4.0 out of 5 stars Creative non-fiction about one man's changing "motherland", Dec 16 2005
By John L Murphy "Fionnchú" - Published on Amazon.com
This review is from: Ireland's Eye: Travels (Paperback)
A brisk overview of a changing Ireland from a perspective of a Canadian son of an English father and Irish mother. Under the guise of finding out how his grandfather died in a Dublin canal the same August day that Michael Collins was buried, Jarman combines a search for the juxtaposition with his own meditation on how strong and how weak family ties can bind sons of emigrants. Jarman combines "creative nonfiction" perhaps less sucessfully here as he intersperses dramatizations of his own experiences in the North into his relatively more linear recollections of encounters with his relatives and others he meets in both Dublin and Killarney--the latter's particularly well-evoked in his description of his old family house now ruined. Jarman contrasts his two uncles, gay Padraig and policeman Sharkey, effectively, and sees how disorienting relations can be when one is put back in the "motherland" only to find that he feels estranged as often as welcomed by distant cousins and the like.

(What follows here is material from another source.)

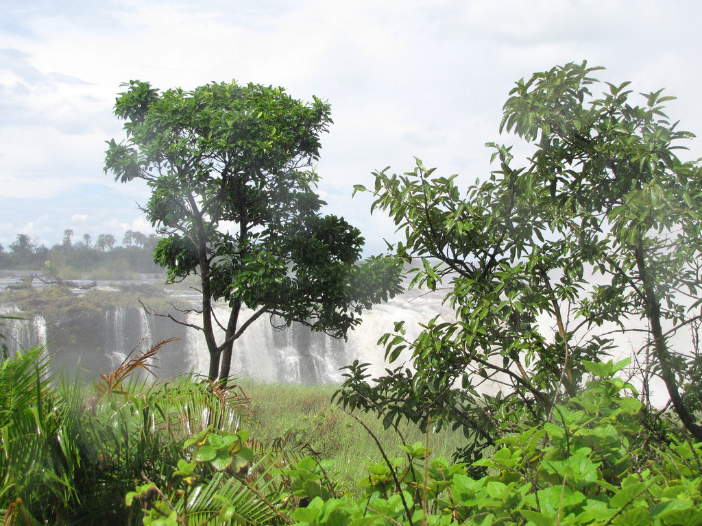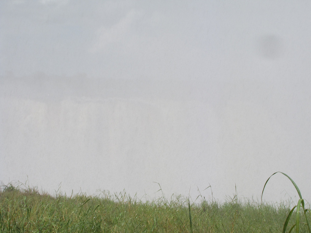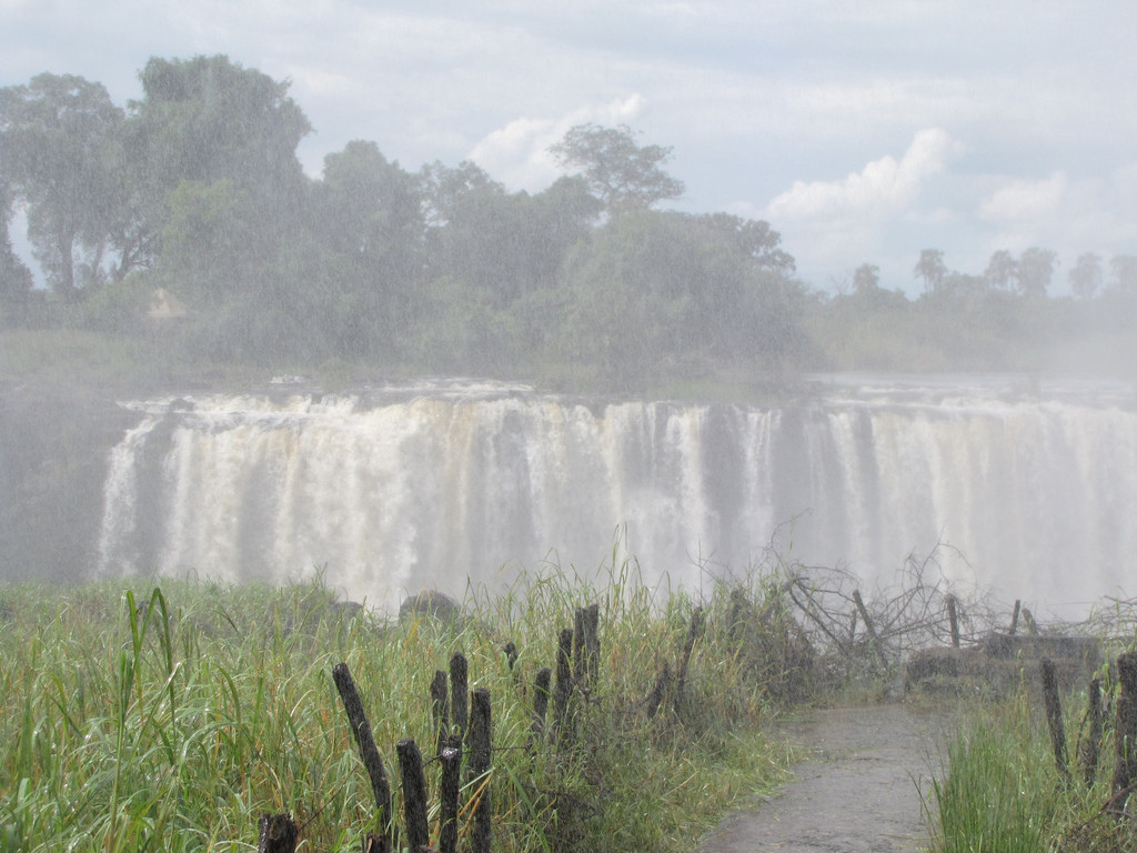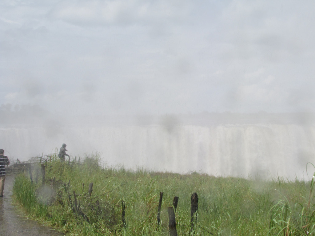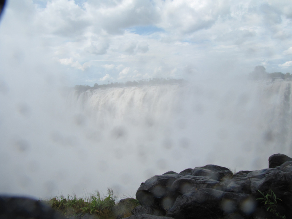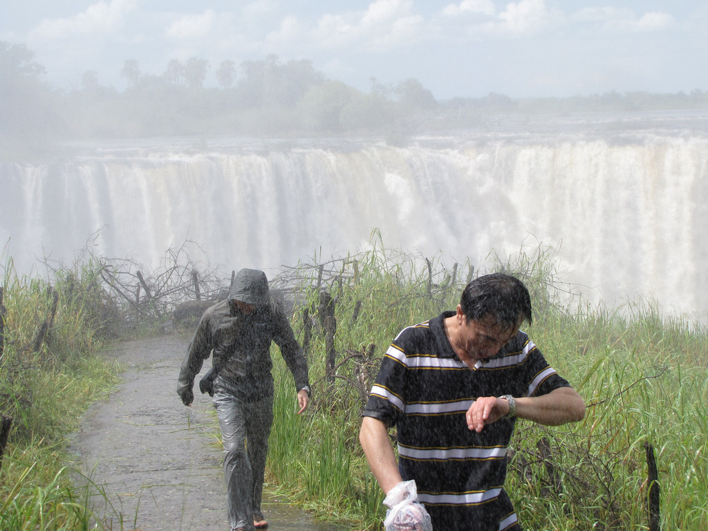 手持雨伞,步行过桥的照片是最为难忘的经历,由于瀑布的水雾,就像瓢泼大雨一样,不打雨伞是无法通过的,由于我们的使馆朋友的“有预见”,我们很顺利的走过桥,看了瀑布,留下彩虹当空的照片,在十几分钟内跨过激湍,跨过瀑布,来到瀑布的另一端津巴布韦。

He contemplates how, if one's parents have chosen as his did to emigrate in the post-WWII period, those like himself can never be accepted upon their return, having been by the Irish "written out of their will," and therefore disinherited. Although sections on climbing the "Reek," Croagh Patrick, and venturing into the North on a previous trip in 1981 perhaps, his summing up of an Ireland suddenly cash-rich and spending it all makes for sobering and thoughtful reading. I especially liked his interspersed, often deadpan, jingles, snippets of punk and new-wave and Beatles lyrics, and asides to Shakespeare and high culture and low all blended into his own unpredictable prose style, deceptively simple and casual but belying careful construction and arrangement of incident. Not perfect, but a cut above the usual misty-eyed or morally stern travelogue.